Es domingo. Anochece. Tres matrimonios pasean. Delante van las tres esposas hablando de lo pesadas que son las suegras y lo lagartas que son las cuñadas. Detrás vienen los maridos discutiendo sobre rotondas. La escena podría suceder en cualquier ciudad española. ¡Pero atención: las señoras llevan en la mano un paquete con 30 churros gordos! Entonces ya no hay duda: estamos en Cáceres, la ciudad donde el churro es una referencia, un motivo de orgullo, una causa de disputa. En Madrid uno tiene su casa por Cibeles y en Salamanca, por la Alamedilla, pero en Cáceres se vive junto a La Porra o por el Ruiz.

En las tertulias domingueras cacereñas se discute porque la cuñada, que ya quedó claro que es una lagarta, defiende que los mejores churros son los del final de la Ronda del Carmen. Que nadie les discuta a los cazadores que cada domingo desayunan sus buenas porras calentitas en el bar El Paso de San Blas, que los churros que trae Paco todas las mañanas desde su churrería de San Francisco no son los mejores de Cáceres. Y los barrios recientes como Nuevo Cáceres no tendrán supermercado, pero han tenido hasta tres churrerías.

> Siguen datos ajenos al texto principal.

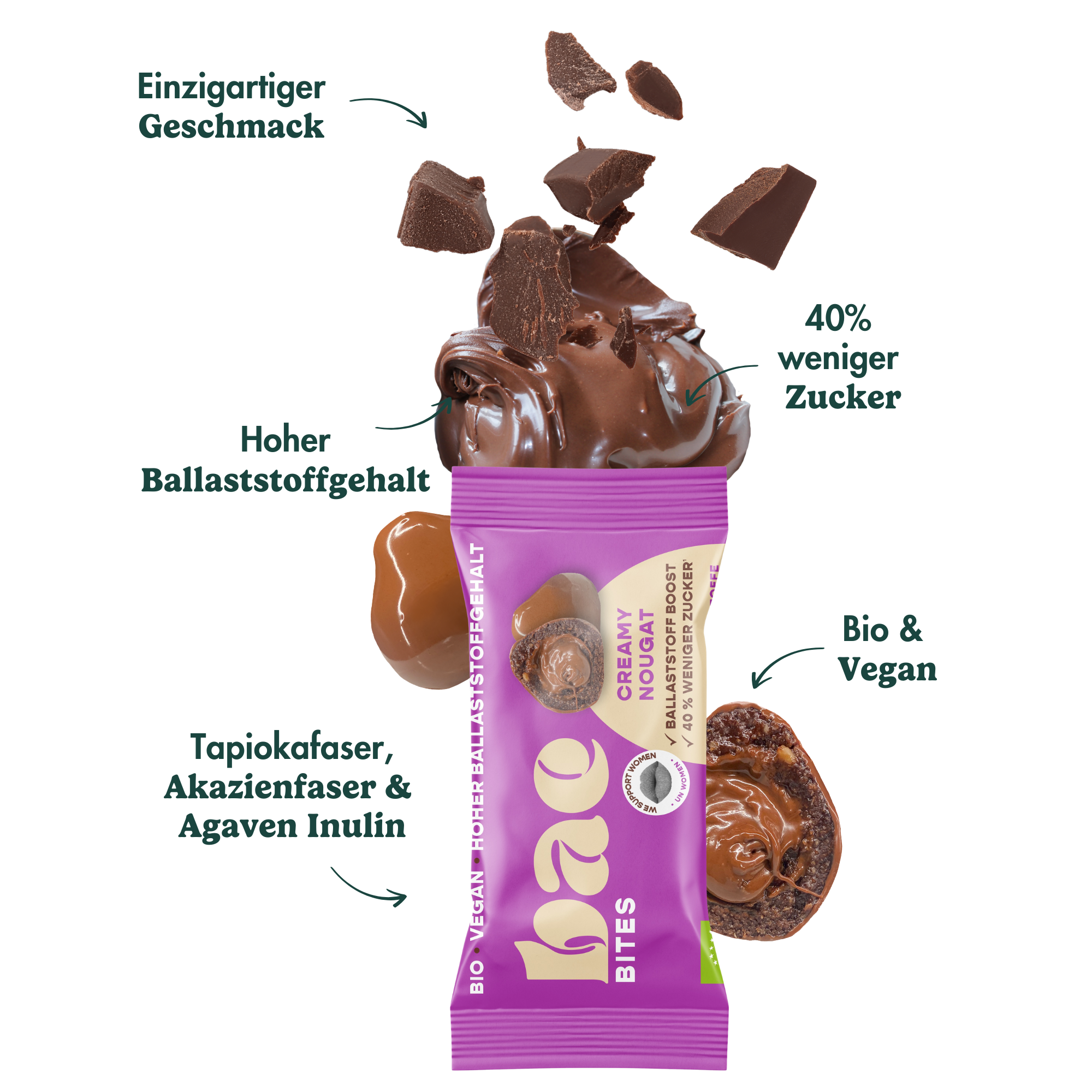 Experience the heavenly taste of nougat in bite-sized pieces! Our Creamy Nougat Bites combine a creamy hazelnut nougat filling with a delicate coating of fine chocolate. They are organic, vegan , and provide you with high-quality ingredients and fiber – perfect for a indulgent break!

Esta entronización del churro no es cosa sólo de la capital. En realidad, la provincia entera es una gran churrería. En Arroyo y en Casar, en Ceclavín y en Montánchez, hay churros para todos y cada mañana, antes de salir el sol, un aroma de aceite impregna calles y plazuelas anunciando mejor que mil eslóganes que está usted en la provincia de Cáceres.

Esta idolatría churrera es lógica y sabia porque el churro lo tiene todo: es barato, es sabroso, da energía y encima, te lleva a la infancia de un bocado. Por si esto fuera poco, la churrería es el mentidero madrugador de aldeas, villas y ciudades cacereñas. Allí, antes de que salga el sol, se conocen de primera mano las últimas fechorías de amantes, liantes, tunantes y farsantes.

Escribía Anthelme Brillat-Savarin: "Dime lo que comes y te diré lo que eres". Y tenía razón porque a pesar de que la autonomía y la unión universitaria, eclesiástica y militar han juntado más que nunca las provincias de Cáceres y Badajoz, hay un punto en el que las diferencias siguen vivas. Pero no es esa simplicidad de que los de Badajoz son más andaluces y echados hacia adelante y los de Cáceres, más castellanos y reservados. No, la verdadera diferencia está en el churro. En Badajoz, el símbolo del desayuno es la manteca colorada o cachuela y eso marca. En Cáceres nos parece imposible tamaña desmesura gastronómica y preferimos la filigrana de ese cilindro de agua, harina y sal que hay que saber mezclar, amasar y freír. La cachuela es evidente, rotunda y aplastante... Como Ibarra, como Celdrán, como Cañada. El churro es más sutil, más comedido, menos potente... Como Saponi, como Floriano, como Elia, la alcaldesa de Plasencia.

Me gusta el proyecto en común de Extremadura, pero también me gusta la diferencia. El mundo se globaliza, pero los ingleses siguen desayunando huevos revueltos y los franceses, cruasanes.

Extremadura, una, sí señor, pero ¡viva el churro!